▸ **PROBLEM TO WORK ON**: A verbatim restatement of the data, free of pictures, is what you should output.

▸ **SUPPLIED DATA**:
____
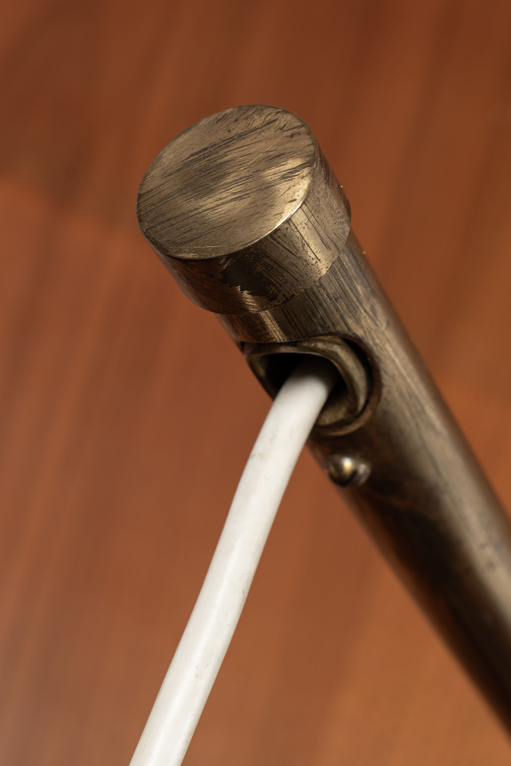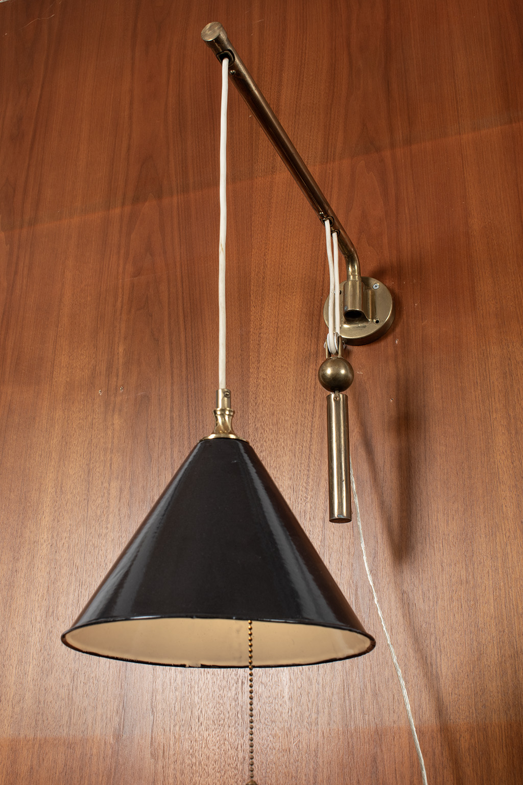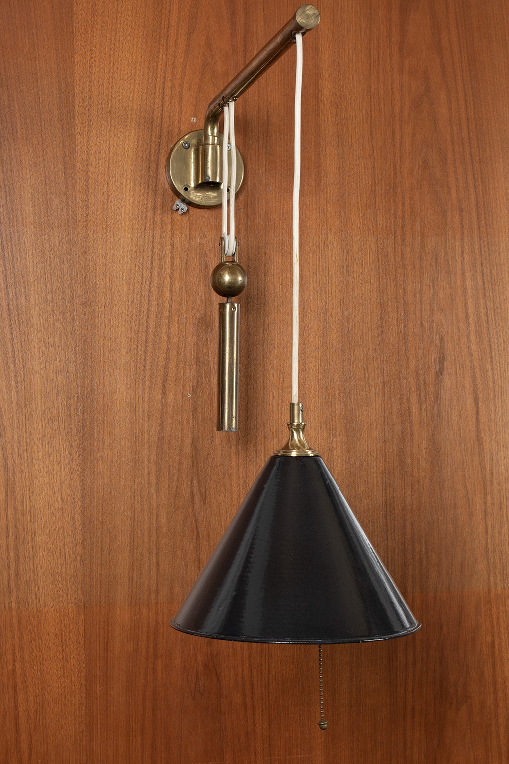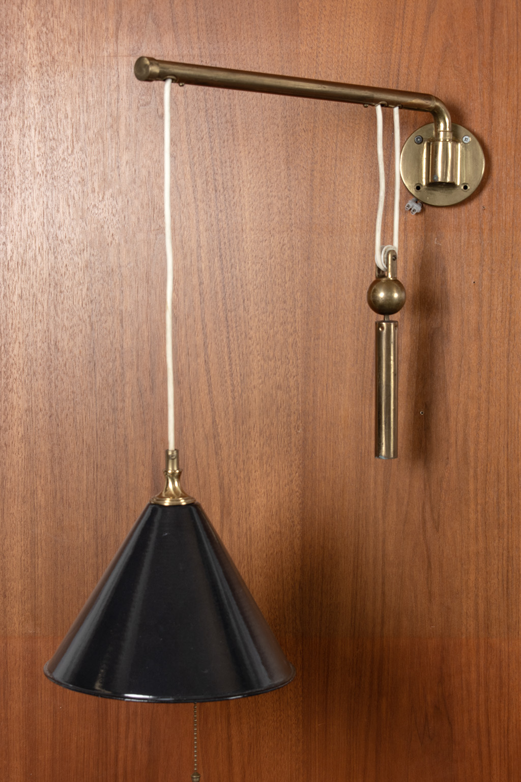 Messing zwenklamp met contra gewicht voor het aanpassen van de hoogte van de lamp.
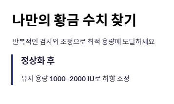 - 수치가 정상화된 이후에는 유지 용량으로 비타민d 하루 권장량을 조절하는 과정이 필수입니다.
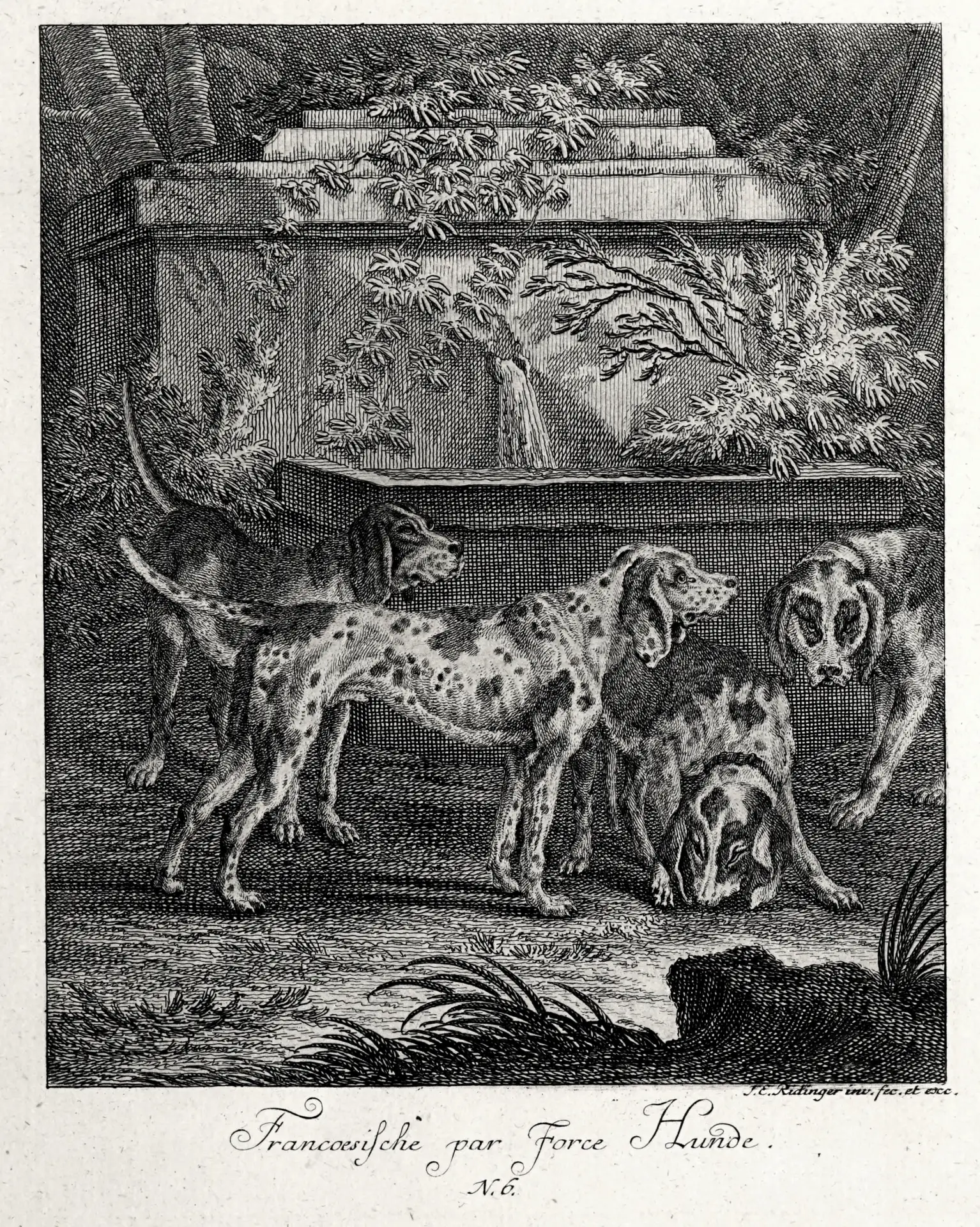 Французские собаки для парфорсной охоты (загон зверя до полного изнеможения). Johann Elias Ridinger (1698-1767), немецкий художник.
____
▸ **THE COMPLETED TASK**:
 Messing zwenklamp met contra gewicht voor het aanpassen van de hoogte van de lamp.
 - 수치가 정상화된 이후에는 유지 용량으로 비타민d 하루 권장량을 조절하는 과정이 필수입니다.
 Французские собаки для парфорсной охоты (загон зверя до полного изнеможения). Johann Elias Ridinger (1698-1767), немецкий художник.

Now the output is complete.